The Boundaries of Synchronization in Oscillators Networks

TL;DR

This paper investigates how small initial perturbations in oscillator networks can lead to either synchronization or desynchronization, revealing fractal basin boundaries and chaotic dynamics that determine long-term network states.

Contribution

It introduces a detailed analysis of the boundary between synchronized and desynchronized states, highlighting the role of fractal basin boundaries and chaotic sets in network dynamics.

Findings

Existence of fractal basin boundaries separating states

Perturbations can cause transitions between synchronization and desynchronization

Chaotic sets influence long-term network behavior

Abstract

We analyze the final state sensitivity of nonlocal networks with respect to initial conditions of their units.

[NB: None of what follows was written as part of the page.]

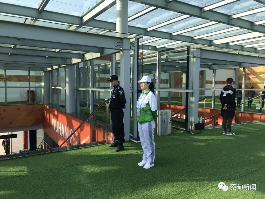 场馆内的志愿者来自长江大学武汉校区的学生,根据不同分工,他们身着统一的马甲或者制服服务于不同的赛事项目。

By changing the initial conditions of a single network unit, we perturb an initially synchronized state. Depending on the perturbation strength, we observe the existence of two possible network long-term states: (i) The network neutralizes the perturbation effects and returns to its synchronized configuration. (ii) The perturbation leads the network to an alternative desynchronized state. By computing uncertainty exponents of a two-dimensional cross section of the state space, we find the existence of fractal basin boundaries separating synchronized solutions from desynchronized ones. We attribute these features to an unstable chaotic set in which trajectories persist for times indefinitely long in the network.